Cancer Can Change Fuels Depending On Type?

[d1d2]

How’s your prostate battle going, @Obi-wan ? You haven’t posted in a while and I hope you’re doing well.

 

[Obi-wan]

The first line of defense in prostate cancer is androgen depravation with drugs that lower testosterone. PSA is a marker and when it starts to rise the second line is an androgen receptor blocker. Prostate cancer will eventually mutate and produce a AR variant that does not allow the androgen blocker to bind to the ligand. I now have this variant called AR-V7. Reading Pub med studies I find that Niclosamide and Berberbine can block this variant and allow Zytiga to work. Niclosimide is hard to get (I hard to order from Thailand). So lets see if this works as my PSA is still very high.

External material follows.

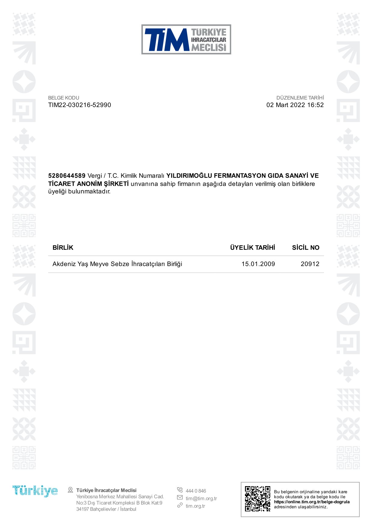 Sertifika ve Belgeler

https://www.researchgate.net/public...ndrogen_Receptor_Signaling_in_Prostate_Cancer

Berberine inhibits androgen synthesis by interaction with aldo-keto reductase 1C3 in 22Rv1 prostate cancer cells Tian Y, Zhao L, Wang Y, Zhang H, Xu D, Zhao X, Li Y, Li J - Asian J Androl

Niclosamide inhibits androgen receptor variants expression and overcomes enzalutamide resistance in castration resistant prostate cancer

Oncotarget | Niclosamide enhances abiraterone treatment via inhibition of androgen receptor variants in castration resistant prostate cancer

 

[Oraganic4me]

The first line of defense in prostate cancer is androgen depravation with drugs that lower testosterone. PSA is a marker and when it starts to rise the second line is an androgen receptor blocker. Prostate cancer will eventually mutate and produce a AR variant that does not allow the androgen blocker to bind to the ligand. I now have this variant called AR-V7. Reading Pub med studies I find that Niclosamide and Berberbine can block this variant and allow Zytiga to work. Niclosimide is hard to get (I hard to order from Thailand). So lets see if this works as my PSA is still very high.

https://www.researchgate.net/publication/51166087_Berberine_Suppresses_Androgen_Receptor_Signaling_in_Prostate_Cancer

Berberine inhibits androgen synthesis by interaction with aldo-keto reductase 1C3 in 22Rv1 prostate cancer cells Tian Y, Zhao L, Wang Y, Zhang H, Xu D, Zhao X, Li Y, Li J - Asian J Androl

Niclosamide inhibits androgen receptor variants expression and overcomes enzalutamide resistance in castration resistant prostate cancer

Jane Mclelland said in one of her interviews that Prostate Cancer is one of the very few cancers that does very well on a Dean Ornish type diet with “no fat” at all. A friend of hers dropped his PSA doing that such diet.

Are you taking berberine ? .. I purchased a bottle from vitamin shoppe and have yet to start it. I’m a little weary of supplements. But this study is the reason I purchased it.
Berberine Inhibits Invasion and Metastasis of Colorectal Cancer Cells via COX-2/PGE2 Mediated JAK2/STAT3 Signaling Pathway

 

[Obi-wan]

Jane Mclelland said in one of her interviews that Prostate Cancer is one of the very few cancers that does very well on a Dean Ornish type diet with “no fat” at all. A friend of hers dropped his PSA doing that such diet.

Are you taking berberine ? .. I purchased a bottle from vitamin shoppe and have yet to start it. I’m a little weary of supplements. But this study is the reason I purchased it.
Berberine Inhibits Invasion and Metastasis of Colorectal Cancer Cells via COX-2/PGE2 Mediated JAK2/STAT3 Signaling Pathway

I was using a cheaper berberine supplement that was not working. I switched to Thorne and noticed a big difference.

 

[Oraganic4me]

I was using a cheaper berberine supplement that was not working. I switched to Thorne and noticed a big difference.

Fabulous news .. I hope it helps you. You sound like an amazing person. Thank you for sharing your journey it really helps us that are struggling to make sense of things. Blessings to you

 

[d1d2]

I now have this variant called AR-V7. Reading Pub med studies I find that Niclosamide and Berberbine can block this variant and allow Zytiga to work. Niclosimide is hard to get (I hard to order from Thailand). So lets see if this works as my PSA is still very high.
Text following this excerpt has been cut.